Standing here, looking back, armed with words and memory …
I wish I had that photo.
12 thoughts on “Island of tumult”
I never have my phone when a perfect picture assembles itself in front of me.
But…you did wonderful work of creating the image in my head. With your words.
Not so much a perfect picture as a perfect moment, if that makes sense.
Even if I’d taken the photo, I’d be disappointed with its inability to capture what I was in the moment.
And thank you, Renee.
Thank you very much.
Mmm, Lovely words for a lovely moment.
Awww … thank you.
I appreciate that you wish you had that photo of what is so valued in your memory and that the “magic” lives there.
A photo is just a capture of the most infinitesimal moment in time in only one dimension; yet one can hold a lot of power. I love taking pictures and the value, art they can provide. I also find it amazing that this supposed capture of physical reality can also be “untrue” per se. Surely, I’m digressing.
Love this, it’s got me thinking as always and the title is awesome.
All of what you said, and most especially the possibility that photos capture an untrue version of truth.
And the title? My favorite part of this piece. I like that you see it.
“No man is an island, Entire of itself” – John Donne
There are moments with my kids that take my breath away. The way my daughter cocks her head to the side and lets her hair fall over her bright blue eyes and gives me this quizzical look when I try to explain things that are just barely beyond her comprehension.
The way my son nestles his face in my hair and takes a big sniff and then smiles a huge grin that lifts his entire face, including his hairline, when I turn and sniff back at him. He has a belly laugh that could bring joy to anyone.
When my tiniest boy takes his impossibly thin, long piano-player fingers and links them between mine when we’re talking about things that he is excited about. I can feel him practically putting off his own frequency of vibrations through his tiny fingers.

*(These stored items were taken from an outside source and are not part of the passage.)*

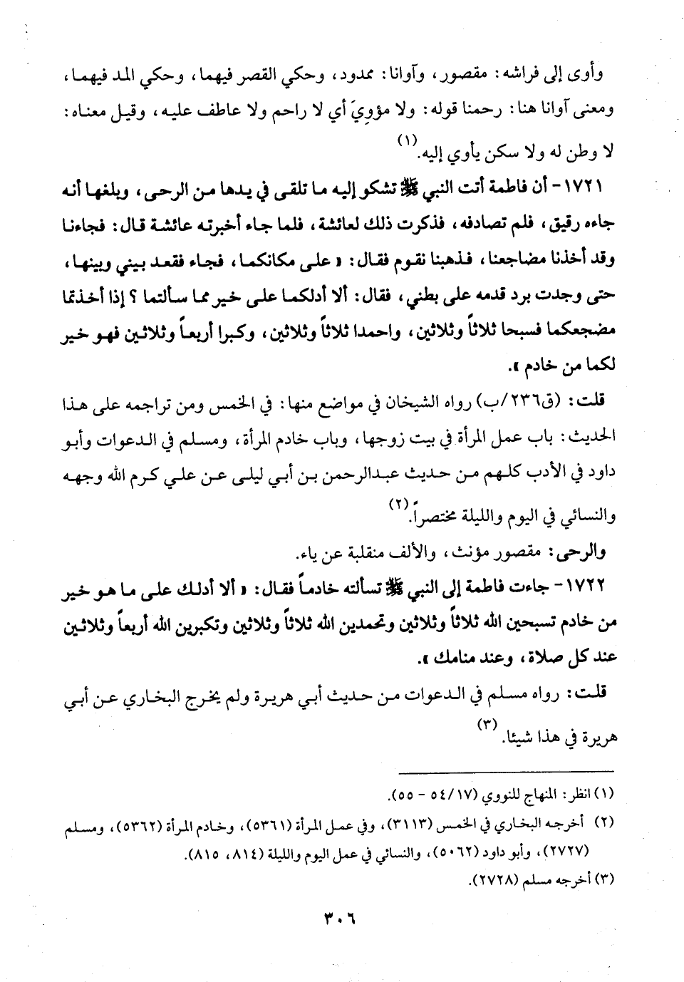 قلت: رواه الشيخان في مواضع منها: في الخمس ومن تراجمه على هذا الحديث: باب عمل المرأة في بيت زوجها، وباب خادم المرأة، ومسلم في الدعوات وأبو داود في الأدب كلهم من حديث عبد الرحمن بن أبي ليلى عن علي كرم الله وجهه والنسائي في اليوم والليلة مختصرًا. (¬2)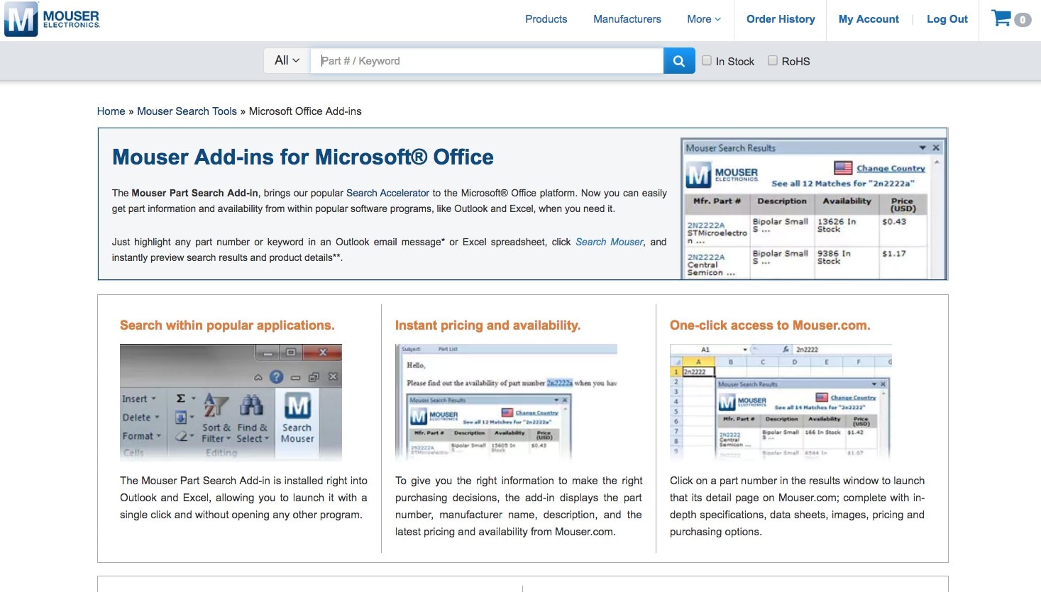 Figure 2: Mouser’s Microsoft Office Part-Search Add-in feature is launchable with a single click and without opening any other program. (Source: Mouser.com)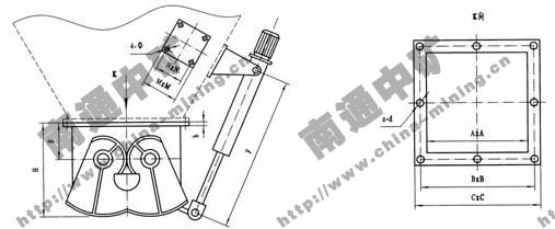 鄂式閘門由本體、扇形閘板、軸、齒輪、密封副,執(zhí)行機(jī)構(gòu)等部件構(gòu)成。手動(dòng)或執(zhí)行機(jī)構(gòu)推動(dòng)搖桿,使齒輪帶動(dòng)扇形閘板沿軸心旋轉(zhuǎn),使兩個(gè)扇形閘板向兩邊開(kāi)啟,物料隨即下落,待接料裝置滿載后,由執(zhí)行機(jī)構(gòu)帶動(dòng)搖桿,使扇形閘板復(fù)位,關(guān)閉截?cái)嘞侣涞奈锪稀?/p>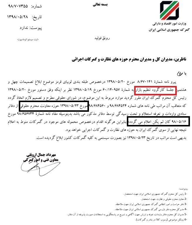 بر این اساس نامه مورخ 16 مرداد ماه کان لم یکن اعلام میگردد بنابراین هرگونه اقدام درباره محموله‌ های موجود در گمرک منوط به اعلام نتیجه از سوی گمرک ایران خواهد بود.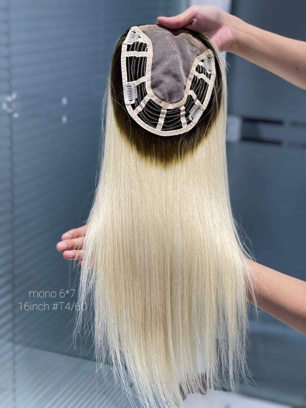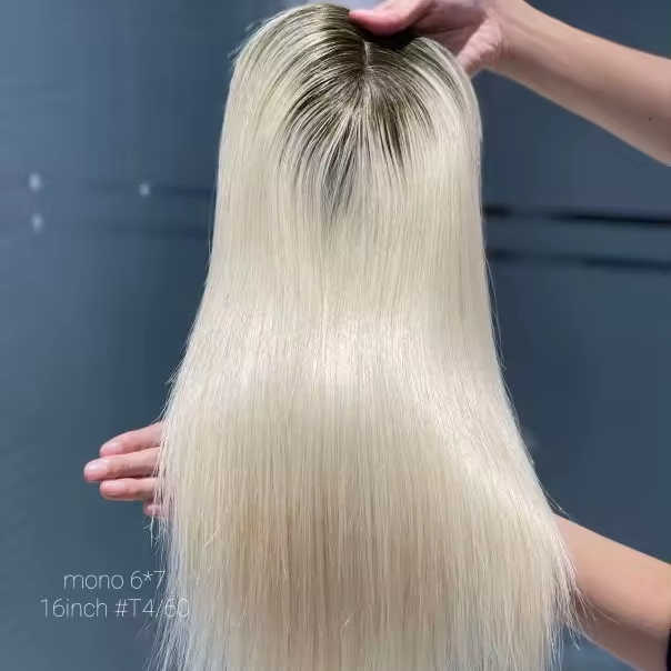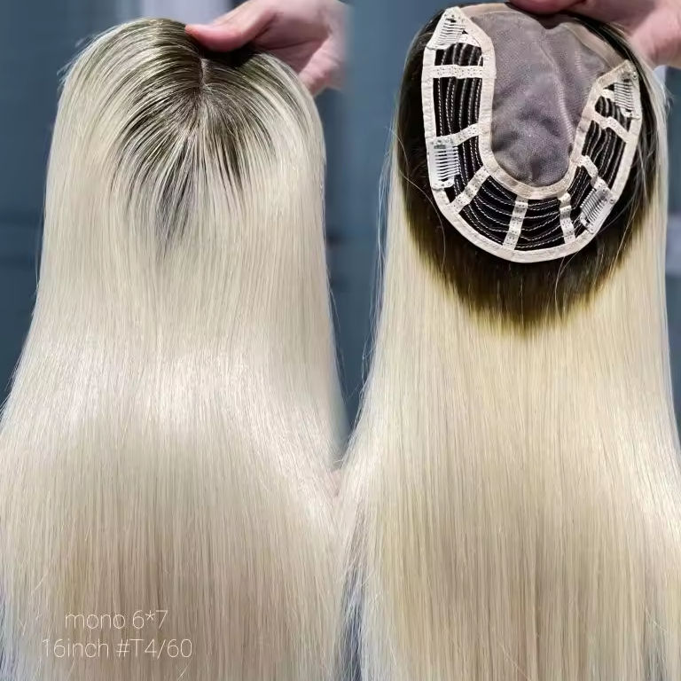 Parting Anywhere 6*7 Lace Mono Toppers 16 Inch Remy Virgin European Human Hair Raw # T4/60 pour la dentelle dans les cheveux SHY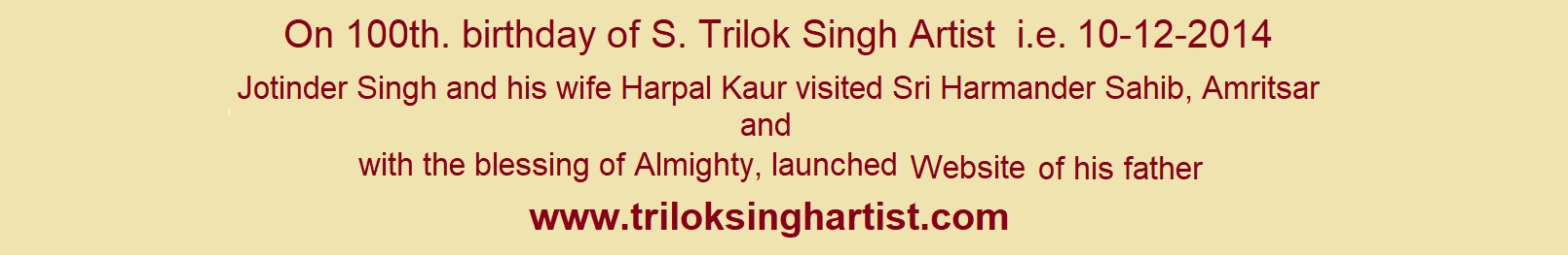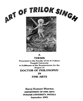 Jotinder Singh and his family is thankful to Dr. Saroj Kumari Sharma, Director , Museum and Art Gallery, Punjabi University Patiala and his husband Colonel Sharma. They did hard work dedicatedly in research for the degree of Doctor of Philosophy. Ph.D degree was awarded on "ART OF TRILOK SINGH" S. Trilok Singh Artist is the first Punjabi Artist on whose works the Ph.D degree was awarded.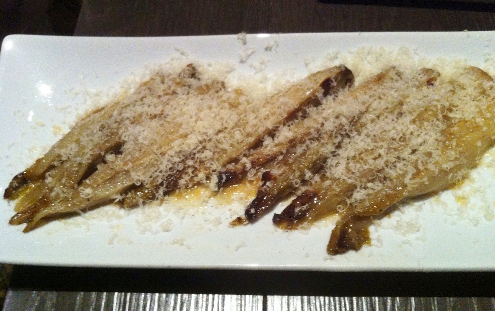 Siguiendo con el festival de la tapa, nos tomamos unas endivias con Idiazábal . ¿Cuál fue nuestra sorpresa? La presentación de las endivias, que sino me equivoco estaban hechas al horno con un sabor muy tierno y un acompañamiento inmejorable. Creo que de los mejores platos por no decir el mejor.
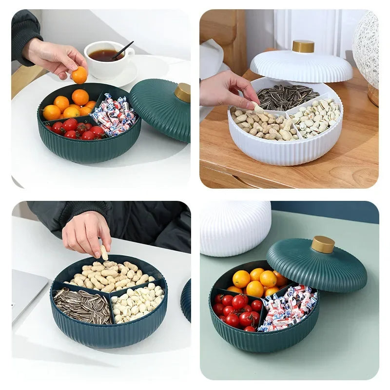 Organisieren Sie Ihre Snacks praktisch und ordentlich mit dieser eleganten Servierschale mit vier separaten Fächern.
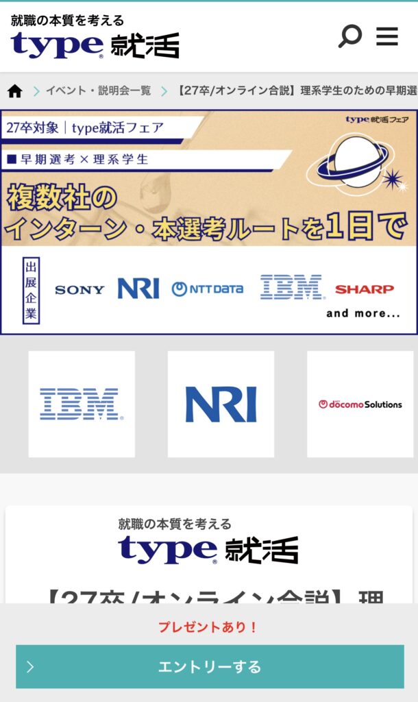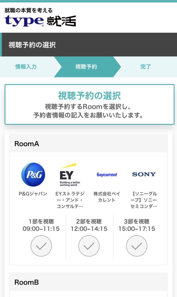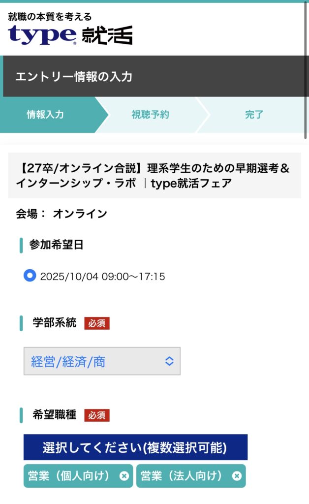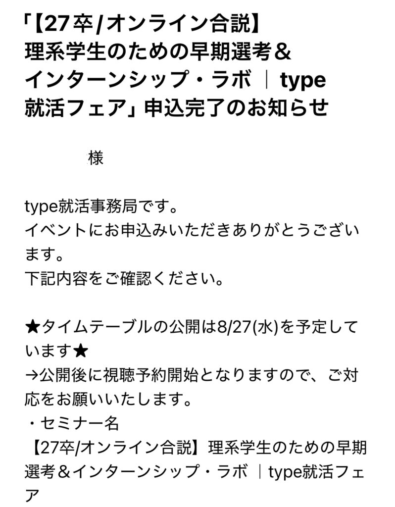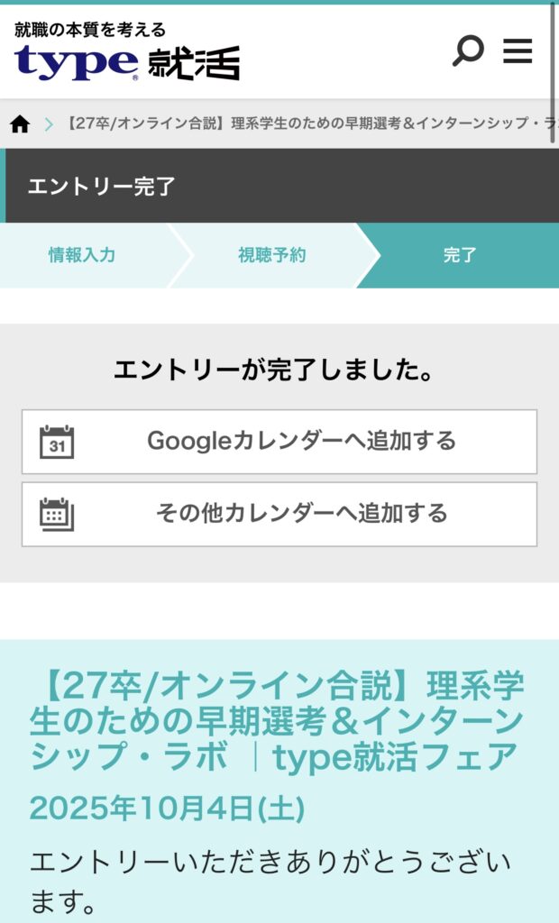 以上で「type就活」のイベント申し込みは完了です。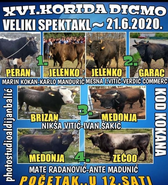 U Dicmu će se nakon smirivanja Covid 19 krize i uz poštivanje nacionalnih mjera zaštite, ove nedjelje održati 1. “Korida”. Gospodarska zona Dicmo će, s početkom u 12 sati, ugostiti atraktivne borbe bikova, uključujući udarnu borbu za šampiona poluteške kategorije, u kojoj će snagu odmjeriti Peronja u vlasništvu braće Kokan i Jelenko, u vlasništvu Karla Mandurića.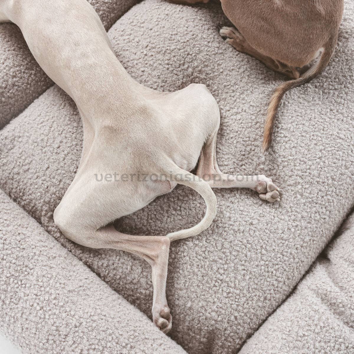 Además, el modelo Greige es completamente desenfundable, lo que facilita su mantenimiento y permite conservar la cama siempre impecable. La funda se extrae fácilmente mediante cremalleras ocultas, pensadas para no molestar al perro ni alterar la estética del producto.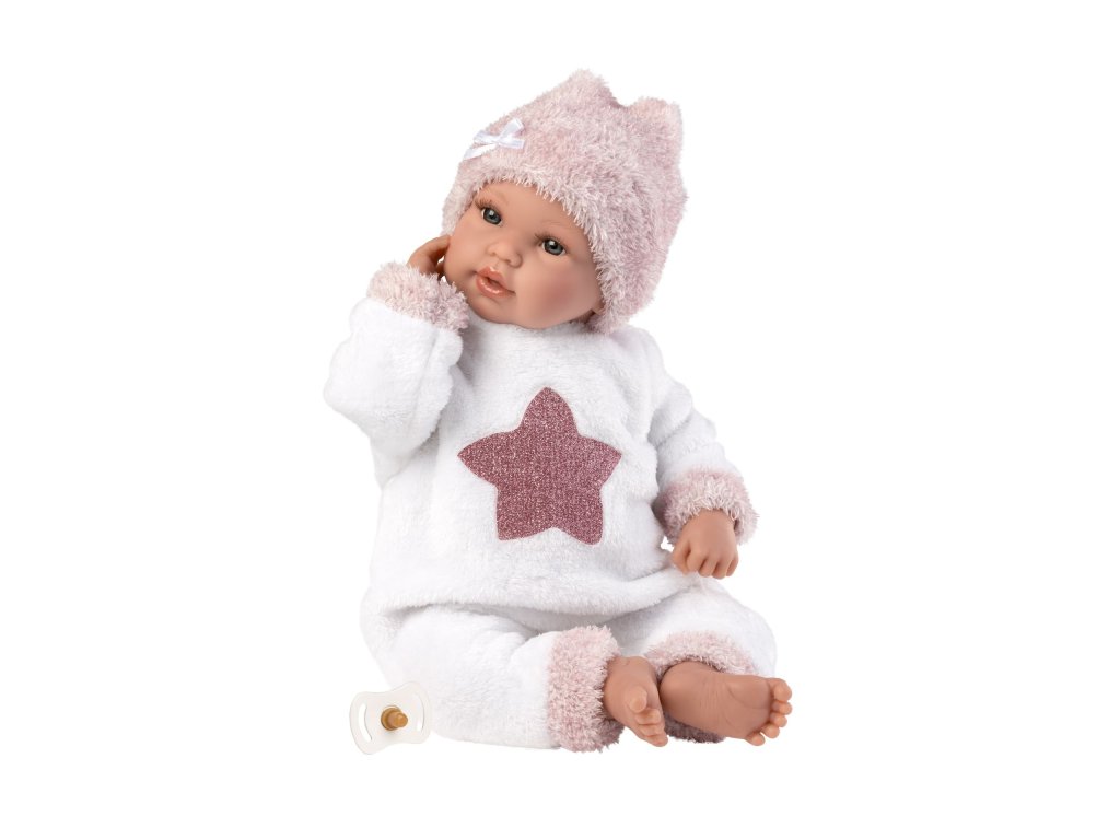 Mluvící miminko s měkkým látkovým tělem, které po zatlačení na hrudník začne říkat „mama“, „papa“ a vydávat reálný zvuk plačícího miminka. Ruce a nohy jsou k tělu přichyceny kloubem. Miminko je polohovací a může i sedět. Dudlík v balení slouží pouze jako doplněk. Velikost 36 cm. Ručně vyrobeno ve Španělsku, baleno v dárkové krabici. Doporučený věk od 3 let. K miminku je možné dokoupit další originální oblečení z nabídky Llorens pro miminka NEW BORN velikosti 35-36 cm. Součástí balení je 3 x knoflíková baterie LR44 s návodem na její výměnu. Baterie jsou spotřební zboží a proto jejich vybití není důvodem k reklamaci panenky.

And no matter how many times I have tried to capture these moments with my camera, I never get their full essence because without the rest of the story, they are only flat images. This is why I want to write books for my kids full of pictures with the stories that go with them just as I remember them.
Copy and paste, you … copy and paste.
You are writing here the words you want to share with your children, and I am ever so grateful and honored you were moved to share them with me. Thank you for that.
Now copy and paste them somewhere for yourself.
I can see that image. It’s lovely.
Awww … thank you very much, sir.
This sounds strange perhaps, but do you notice when you take a picture, you quit remembering the moment and just remember the actual picture? I discovered that when I watched a video of one of the kid’s performances I had recorded because her dad couldn’t be there. I remember taking the video and watching in on the screen…but I don’t feel like I actually remember the concert.
Even the pictures I love best—and I don’t take many—-I remember taking the picture, but somewhere I lost the moment.
Or maybe that’s just me justifying why I never seem to take pictures.
YES. All of what you said. The act of photographing somehow distances me not only from the moment in which I am photographing but also in the looking back. Yes.